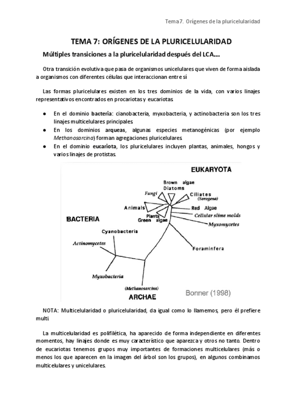 Tema 7. Orígenes pluricelularidad
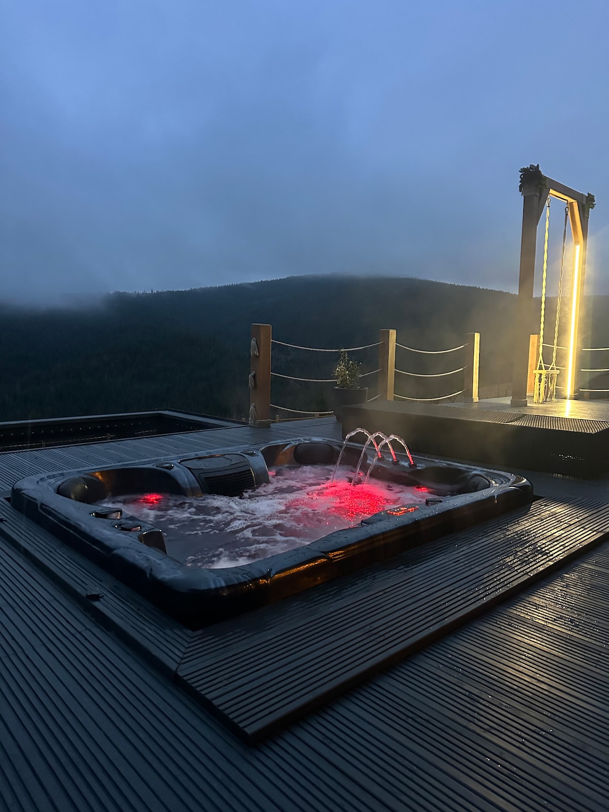 Premium Mountain-Top Retreat in the Apuseni Discover an exclusive cabin set on a secluded mountaintop in the Apuseni, where design, comfort, and breathtaking scenery come together. This stylish retreat features a generous private deck with an outdoor hot tub, refined interiors, and panoramic views in every direction. Perfect for guests seeking luxury, tranquility, and an unforgettable escape above the clouds.
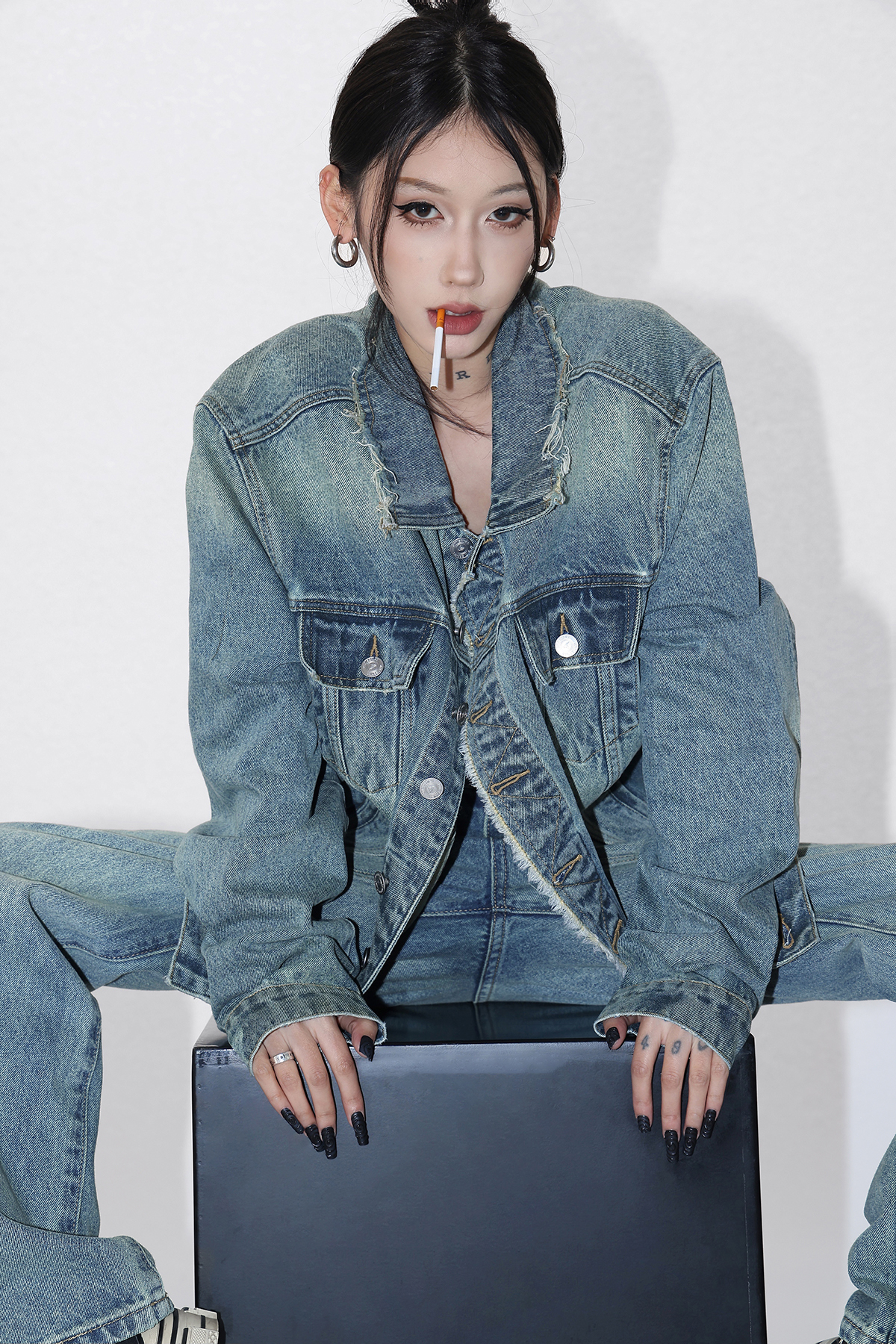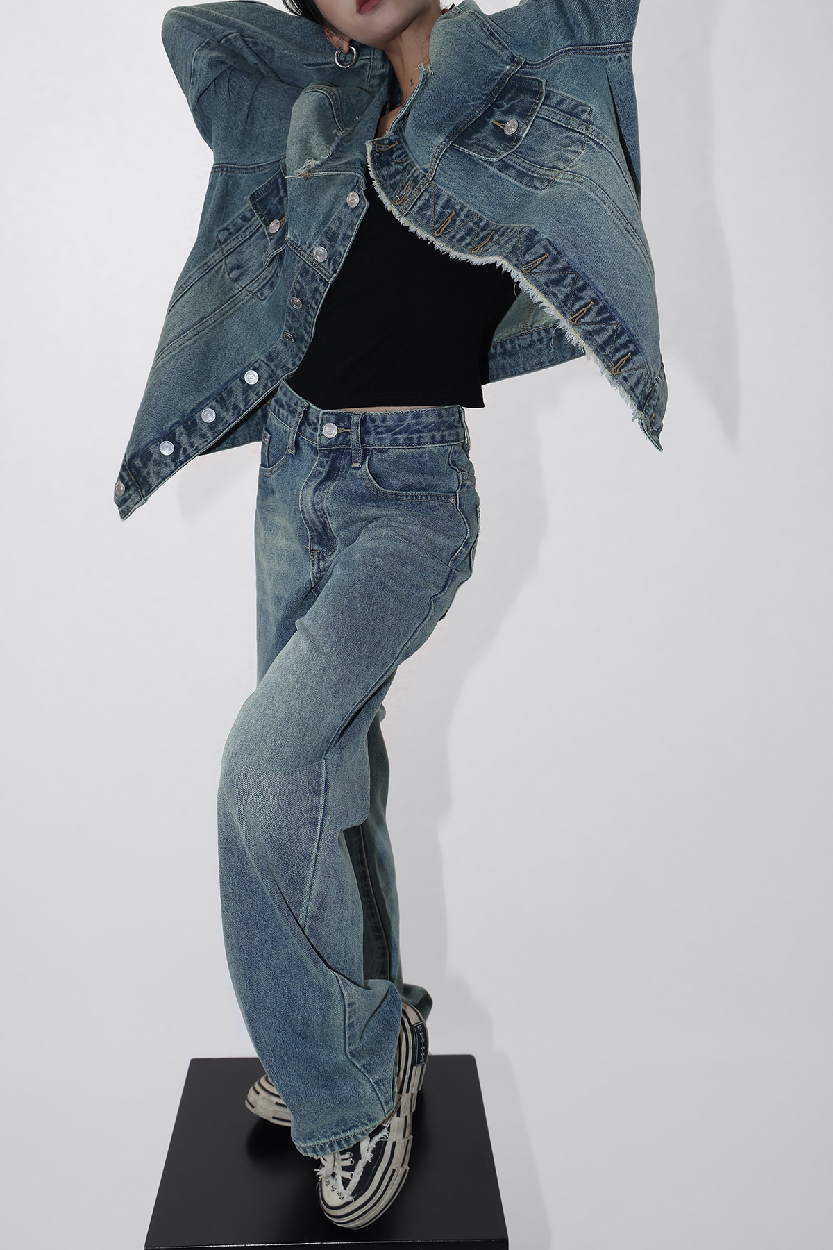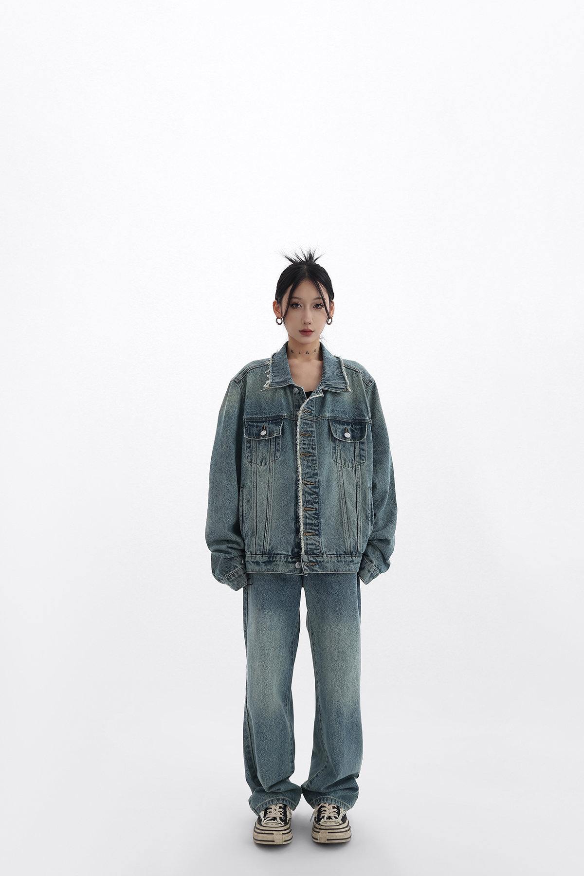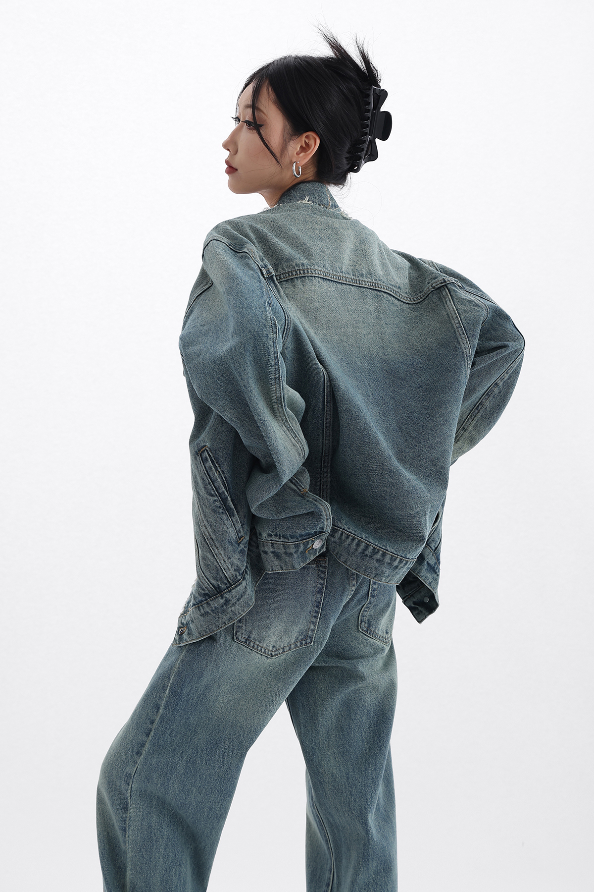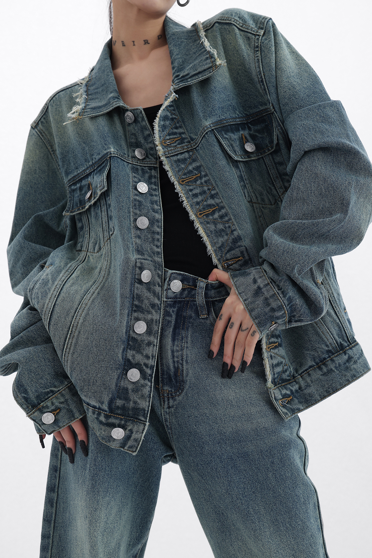 Acestudios 復古做舊牛仔衣+牛仔褲2件套女2023春秋新款牛仔外套
-- -- --
» What you will do: The reply has to reproduce every line above verbatim and contain no pictures.

» Expected answer:
 Tema 7. Orígenes pluricelularidad
 Premium Mountain-Top Retreat in the Apuseni Discover an exclusive cabin set on a secluded mountaintop in the Apuseni, where design, comfort, and breathtaking scenery come together. This stylish retreat features a generous private deck with an outdoor hot tub, refined interiors, and panoramic views in every direction. Perfect for guests seeking luxury, tranquility, and an unforgettable escape above the clouds.
 Acestudios 復古做舊牛仔衣+牛仔褲2件套女2023春秋新款牛仔外套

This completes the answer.